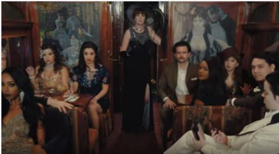
Murder Train Dinner Experiences Napa Valley Wine Train Offers Various Murder Mystery Dinners

Insight: As consumers dine out less frequently, they place greater emphasis on experiences that feel distinctive and worthwhile. Many now approach outings as intentional social occasions rather than routine activities, seeking engagement beyond standard service. Moreover, conventional formats can feel passive and easily replaceable, prompting a shift toward more dynamic environments. Interactive mystery elements respond to this by introducing novelty and memorability.
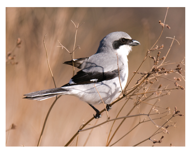
Loggerhead Shrike. (Jeff Lemons)

The Loggerhead Shrike was designated as "critically imperiled" as a breeding species within Mecklenburg County in 2008 because only a few remaining nest sites were known. The last nest site in the county was in a field beside a busy movie multiplex parking lot. Unfortunately, this outparcel was later turned into a gas station. Volunteers failed to find any evidence of breeding during the recent Breeding Bird Atlas project, and it now appears that this bird may have been extirpated (lost) as a breeding species in Mecklenburg County, at the core of the Central Carolina region.
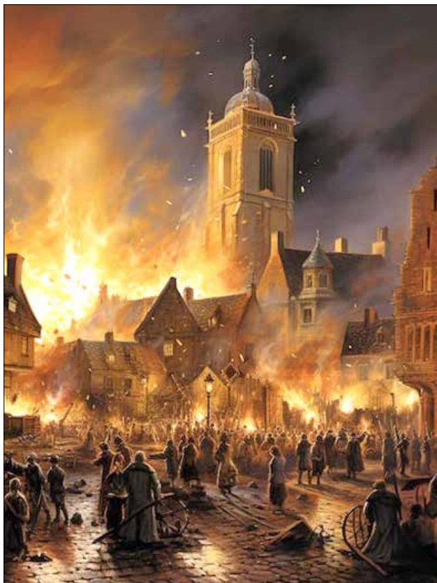
Artist's impression of the Great Fire

While the Great Fire of Northampton caused immense destruction, it also marked a turning
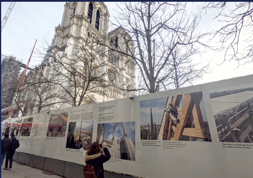
Figure 2. View of the mediation panels about the fire and the restoration work installed on the exterior of the restoration site's enclosure.

◆ ◆ ◆ ◆

Write out the whole of the data exactly; the pictures stay out.

Murder Train Dinner Experiences Napa Valley Wine Train Offers Various Murder Mystery Dinners

Insight: As consumers dine out less frequently, they place greater emphasis on experiences that feel distinctive and worthwhile. Many now approach outings as intentional social occasions rather than routine activities, seeking engagement beyond standard service. Moreover, conventional formats can feel passive and easily replaceable, prompting a shift toward more dynamic environments. Interactive mystery elements respond to this by introducing novelty and memorability.
Loggerhead Shrike. (Jeff Lemons)

The Loggerhead Shrike was designated as "critically imperiled" as a breeding species within Mecklenburg County in 2008 because only a few remaining nest sites were known. The last nest site in the county was in a field beside a busy movie multiplex parking lot. Unfortunately, this outparcel was later turned into a gas station. Volunteers failed to find any evidence of breeding during the recent Breeding Bird Atlas project, and it now appears that this bird may have been extirpated (lost) as a breeding species in Mecklenburg County, at the core of the Central Carolina region.
Artist's impression of the Great Fire

While the Great Fire of Northampton caused immense destruction, it also marked a turning
Figure 2. View of the mediation panels about the fire and the restoration work installed on the exterior of the restoration site's enclosure.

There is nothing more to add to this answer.